日本一“熱い街”熊谷の社長日記

組織論の立場から企業の“あるべき”と“やってはいけない”を考える企業アナリスト~大関暁夫の言いっぱなしダイアリー~

見るに堪えない三井住友VS旭化成の責任なすり合い

2015-12-07 | 経営
個人間にしろ企業間にしろ、お互いのコミュニケーションの悪さというものが表に晒される時、それがどれほど当事者双方にとってマイナス・イメージになるものなのか、当事者が実感を持って考える機会というのはあまりないのかもしれません。

個人間でコミュニケーションの欠如が原因で訴訟になり、時間をかけて問題が繰り返し報道され、どちらが正しいのかはともかく双方にとってボディーブロー的に悪い印象が定着してしまうということはこれまでもよくありました。最近の例をあげれば、某女優兼歌手と演劇プロデューサーの、舞台ドタキャンを巡る泥沼訴訟。長引けば長引くほど、どちらにもマイナスに働くのは当然。爆弾抱えた人と仕事なんかしたくないのが世の常ですから。

世間知らずお山の大将を気取る芸能関係者同士が、面と向かってコミュニケーションをとらず、お互いにメディアという濁った伝言役を通じて口論を続け、泥沼状態にはまってしまうと言うのはまだ分かります。しかし、れっきとした日本を代表するような大手企業同士が、同じようにメディアを通じて「お前が悪い!」「いや悪いのはお前だ!」と言い合っていると言うのはあまりにも見てくれの悪い光景です。

御存じ、横浜市の傾斜マンションの問題を巡る、建設元請け三井住友建設と杭打ち下請けである旭化成建材のお話です。当初の会見の段階から、お互いに責任をなすり合うかのような物言いがあり、聞いているこちらが「なんでバラバラに会見して、お互いを否定するような物言いをするのか」と思ったものですが、その後はさらにエスカレート。

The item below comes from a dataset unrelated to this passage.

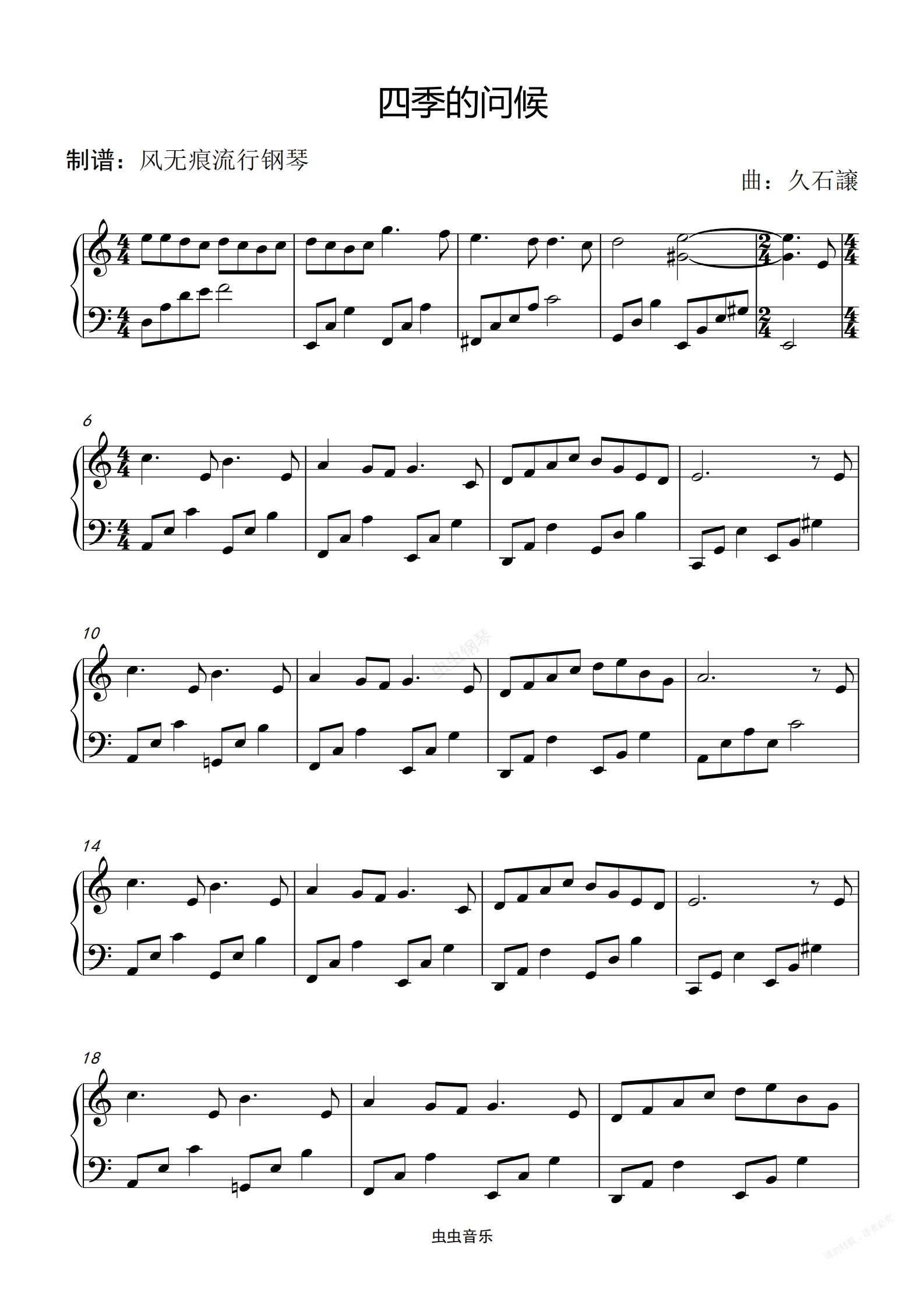钢琴谱:四季的问候-上海小荧星合唱团〖简易动听〗

三井住友はデータ改ざんが明らかになっている旭化成の施工ミスが原因と主張し、杭は支持層に届いていたとする旭化成は三井住友の設計ミスを指摘して、両社一歩も譲らない。それがメディアを通じて相手を非難するような表現でお互いの主張がおもしろおかしく展開されるが故に、余計に始末が悪い。遂には国会で、「責任をなすり合うみにくい業界体質」とまで糾弾されるに至りました。確かにこれでは子供の喧嘩です。子供の喧嘩でもそうですが、どちらかが一方的に悪いなんてことはごく稀で、たいていはどちらにもそれなりの非があるわけでしょう。

ならばなぜ、初めの段階から水面下でしっかりと話し合って共同で会見を開くなり、外に見苦しい責任のなすり合いを見せるようなことを避けようと思わなかったのでしょうか。責任の一端は、マンション建築の施主である三井不動産レジデンシャルにもあると思います。住民との接点を司るのは同社であり、メディアを通じて展開される責任のなすり合いを住民が見ていい気分がしないのは当然の事。住民感情を第一に考えるのなら、施主である同社がリーダーシップをもって、見苦しいイザコザを外に見せないようにするのがあるべき対応なのではないでしょうか。

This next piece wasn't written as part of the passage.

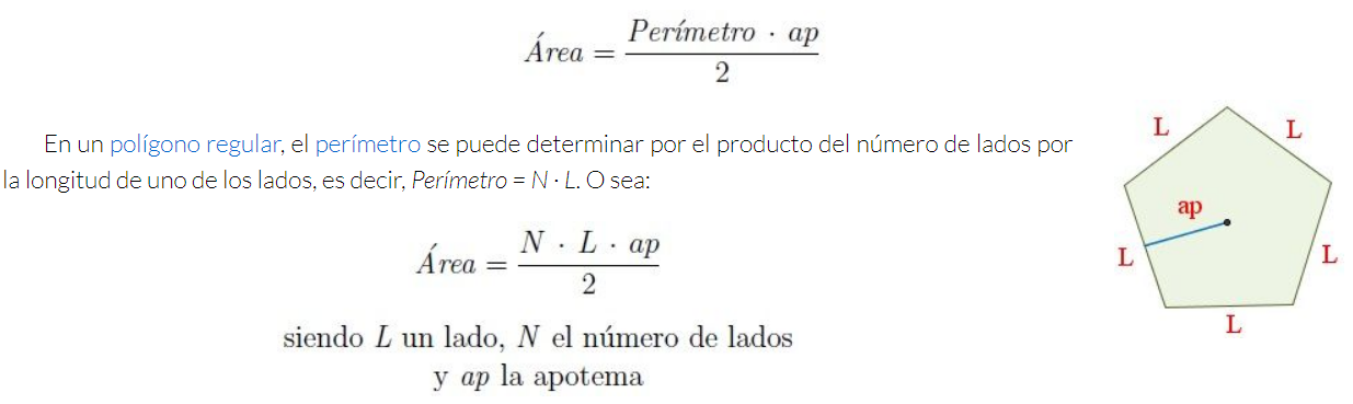 El área de un polígono regular se calcula a partir de su perímetro y su apotema. Sea P el polígono regular con N lados, su área es:

STAP細胞騒動の時にも同じことを申しあげました。関係者が関係者間でしっかりと話し合いを持つことなく、バラバラな状態で会見を開いたりコメントを出したりすれば、単にメディアの餌になっていじりったけいじられ、関係者すべてにとってマイナス・イメージだけが増幅される、それは間違いのない結末なのです。実にバカらしいことですが、これによるイメージダウンは必至。企業ブランドや企業イメージはことごとく黒く塗られることになるでしょう。

大きな大企業間で長年にわたる取引があろうとも、こんなにもコミュニケーションがとれないものなのでしょうか。もっと言えば、こんなことをしていたら、どんどん企業イメージが悪くなっていくと、どうして関係者は気が付かないのでしょう。建設業界の「みにくい業界体質」は、まさにご指摘通りなのかもしれないと思うにつけ、業界の風土洗浄なくして再発防止はあり得ないと、改めて思わせる次第です。